There isn't just one way to make money trading. You can lose 75% of your trades and still make money consistently IF YOU ARE DISCIPLINED. But trading that way requires a very different personality than what I do and VERY different money management techniques.

And I will tell you it isn't easy to stay disciplined. When you have a system that wins 90% of its trades, it's tempting EVERY DAY to break the rules and go for a "big score". But all it takes is for that trade to be one of the 5% that not only goes to zero, but ties up all your trading capital while it does so you can't make 20 other winning trades to offset it, and you're done.

Even TERRIBLE stocks can be traded effectively with the right system executed in a consistent, disciplined way. My trades in CAN would have (including those huge losers), averaged +7.2% per lot traded. The median was +7.5% and the total return since 2020 would be 12x lot size. Now that isn't that great, especially since at peak I would have been holding 24 lots. That's a VERY important statistic when it comes to position sizing.
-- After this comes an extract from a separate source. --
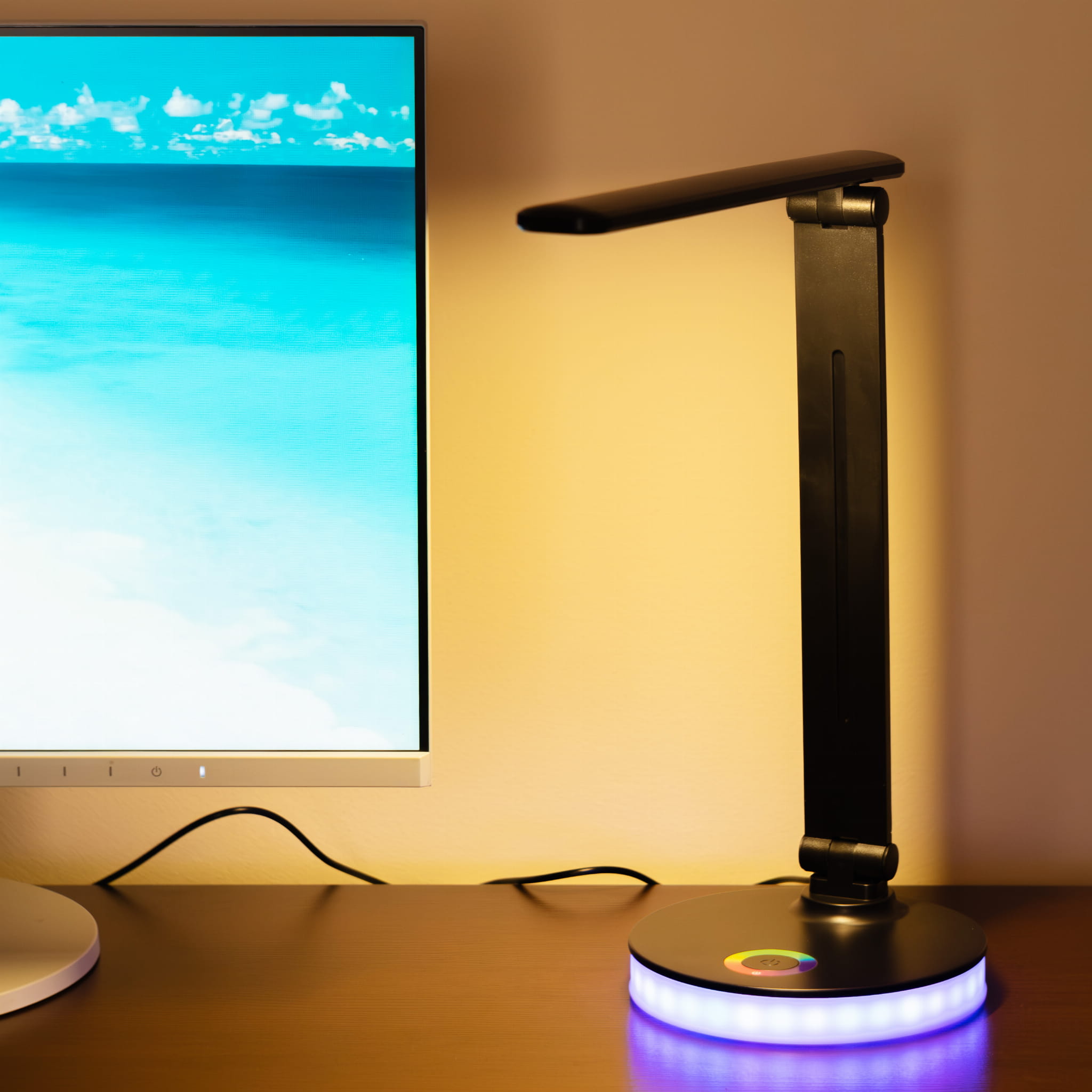 Regulowane ramię pozwala na precyzyjne ustawienie źródła światła, a neutralna barwa 4000K wspiera koncentrację bez przeciążania wzroku. A potem? Jeden ruch palcem po kolorowym pierścieniu w podstawie i Twój kącik pracy zamienia się w atmosferyczną przestrzeń do wieczornego odpoczynku.

Even at $100 per lot, that's $2400 for just that one position. If other positions are tying up capital, as is often the case in strong bear markets, it would be VERY easy to run out of money before winning trades have a chance to cumulatively offset the big losers. That's why each lot is capped at around .1% of trading capital for me.
I also always keep in reserve enough that all open positions I have could have up to 25 lots each and still be liquid. It also means I can't trade every signal I get and I have to be selective. That takes discipline and means that a lot of the time I'm 50% or more in cash. It's very tempting not to be when the market is on a tear like it has been recently. But my mistakes have taught me to follow the rules and be happy with being able to consistently grow my trading account (which allows for larger lot sizes each year btw - same % though).

With CAN for example, the -95% trade would have been the 42nd of 166 trades and the other 5 -88% or worse trades were the next 5 after that. Not being able to make the last 100 trades because I'm out of money is the difference between losing money and making almost 50% total return on those 24 lots worth of capital I'd have needed to make the rest of those trades. 50% over almost 5 years isn't a super impressive return. But this was also a stock down 90% in that time. That discipline translates to the trades in stocks that are up 500% too.

Stock picking is great if you can do it well. I started out doing that and learned I'm OK at it, but not good enough. What I've learned is that a good strategy, paired with consistency and discipline makes stock picking a lot less important. CAN is proof of that.